Video: Sharpening the Saw
Dennis Stine, President, Stine Lumber
HQ: Sulphur, Louisiana Employee Count: 550 2011 Pro Sales: $54.7 million
Engage Employees
Stine Lumber was rolling just before the recession. It had entered two markets with its new box-style retail store and drive-through lumberyard and had begun rolling out the model to the rest of its locations. The federal government was subsidizing post-Katrina business development on Stine’s turf. So it bet on continued growth and compressed its 10-year strategic plan—which included $65 million in capital expenditures—into three years.
Then the market crashed.
“We reduced training, we lowered morale, and [as a result] we lowered our customer and associate service scores,” company president Dennis Stine says. “What were we going to do to turn it around?”
Stine borrowed from McDonald’s “Plan to Win” playbook—a strategy designed to boost brand relevance through employee re-engagement.
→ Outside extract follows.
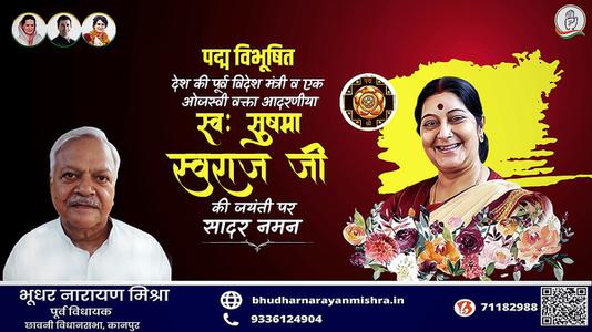 भूधर नारायण मिश्रा-सुषमा स्वराज जी की जयंती पर शत शत नमन

He called it “Sharpen the Saw.”
“We needed to develop a Stine brand that was worth fighting for, and we needed to train associates to be knowledgeable and flexible,” he says. “Nothing unnerves me more than getting a complaint from a customer who says, ‘I was about 15 minutes away from your store and I called and they said they were closing at 9 p.m. I asked them if they could stay open for about five minutes. They said, “No, we close at 9 o’clock.”’ What can we do to get that associate to find a way to say yes?”
To Dennis Stine, “culture comes first. If your organization doesn’t have a great culture, you can do all the things you want with respect to strategy, but it won’t work, I promise you.”
Stine Lumber now evaluates employees by group and holds each group’s individual assessments at the same time. Workers evaluate themselves with 30 questions developed by their team leader. Twice each year, employees grade management on leadership, coaching, and training. “It’s a powerful tool to keep our leaders on the straight and narrow,” Stine says, noting his own score is based on how employees rated their store. “Because guess who’s ultimately responsible: the CEO,” Stine says. “You can’t cut and run from that.”